Microbes are rarely solitary in nature, often found engaged in highly heterogeneous networks as communities. A common reason for lack of correlation between the model prediction and observed data is because community phenotypes are modeled based on individual phenotypes, a problem that is prevalent even in inferences made from qualitative experimental methodologies [100]. Models often trade between optimizing individual species’ fitness and the entire community’s fitness function [26], leading to inaccurate assumptions about the super-optimal behavior of members in the community. Metabolic networks are often mathematically analyzed using flux balance analysis (FBA) [101]. FBA allows for prediction of microbial growth rate and production rate of metabolites of interest. Traditional genome scale metabolic models assume instantaneous biomass maximization of all members of a microbial community (community-level objective function) [102]. However, this approach is flawed since microbes, similar to higher order organisms, display varied phenotypes, as a result of several decisions influenced by the community with known rate-yield trade-offs where maximum biomass production may not be the desired goal [103, 104]. Hence, prediction of a microbial community’s emergent properties remains a challenge in systems biology [102]. Some models that have been introduced to overcome this include the optCom model [100] which is a constraint based modeling approach. This model has been used to explain syntrophic interactions involving transfer of a key metabolite as well as complex interactions of phototrophic microbial mats found in Yellowstone National Park.

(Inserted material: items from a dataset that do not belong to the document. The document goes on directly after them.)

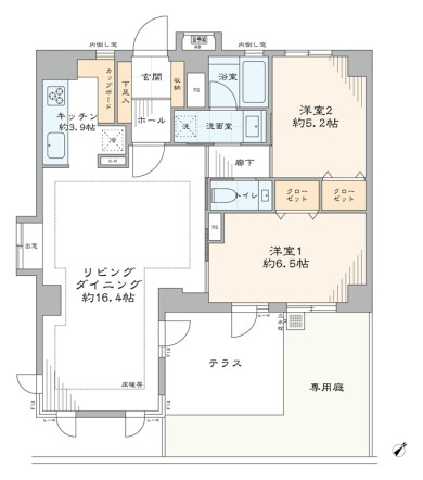 広いテラスと専用庭は約13㎡(約8帖)。お好きな植物やガーデンチェアを置いて、アウトドアリビングとしてお使いになるのはいかがでしょうか?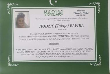 Na Ahiret preselila HODŽIĆ (Zakije) ELVIRA
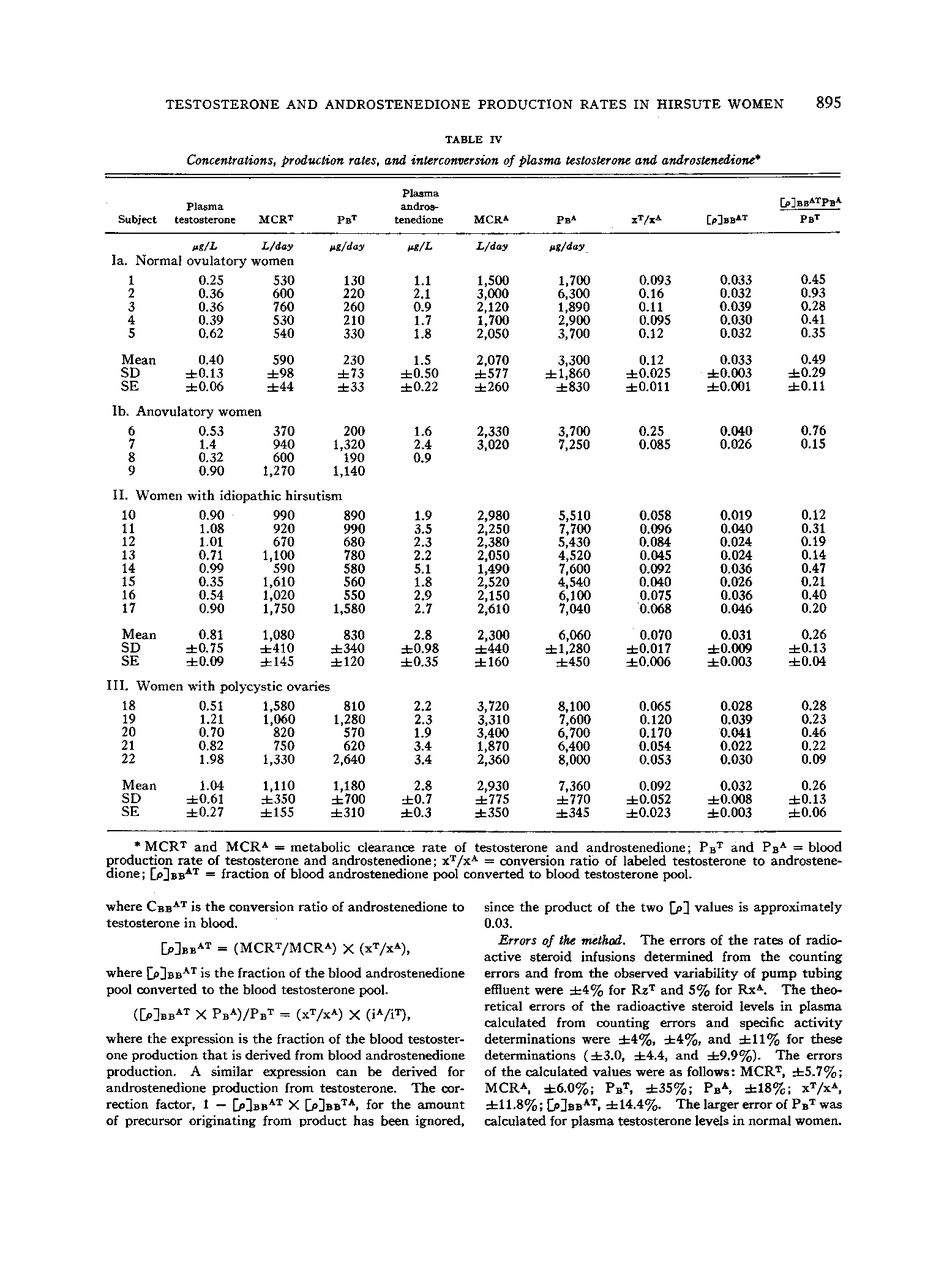 The average plasma testosterone concentration of women with either hirsutism or polycystic ovaries and hirsutism was higher (p < 0.01) than that of normal women although the ranges overlapped. Testosterone blood production rates averaged 830 ± 120 SE and 1,180 ± 310 SE μg per day in the two groups of hirsute women and 230 ± 33 SE μg per day in normal women. The ranges did not overlap.

While existing models may be modified with additional parameters/constraints and appropriate data acquisition to predict different facets of microbial interactions, an integrational gap exists between experimental data and computational models [36]. So far, prediction tools have been validated with corresponding high throughput data and experimental models. However, extending the horizon towards predicting unknown interactions between taxons remains to be studied.”

Conclusion

Microbial interactions remain the driving force behind the establishment and maintenance of a microbial population. Extensive efforts have been put towards obtaining microbial abundance data from different communities existing in different ecological states to build reliable microbial computational models. With the advent of machine learning and deep learning algorithms, adoption of quantitative frameworks to study microbial studies has increasingly become more accessible and feasible [105]. However, there still exits several limitations in distinguishing true microbial interactions and non-random process or casual relationships. An understanding of how microbial communities assemble and how this translates to their functionalization and ecological outcome has vast potential applications in avenues of medicine, agriculture, bioprocessing, and food industries [106]. Potential to engineer metabolic network models comprising of commercially important microbial species remains unfulfilled. Standardized adaptation of qualitative and quantitative methods can enable mechanistic and reproducible exploration of microbial interactions and provide relevant information on key molecules, interactions, and strategies to better understand polymicrobial communities and better the health of plant, animal, environment, and human alike.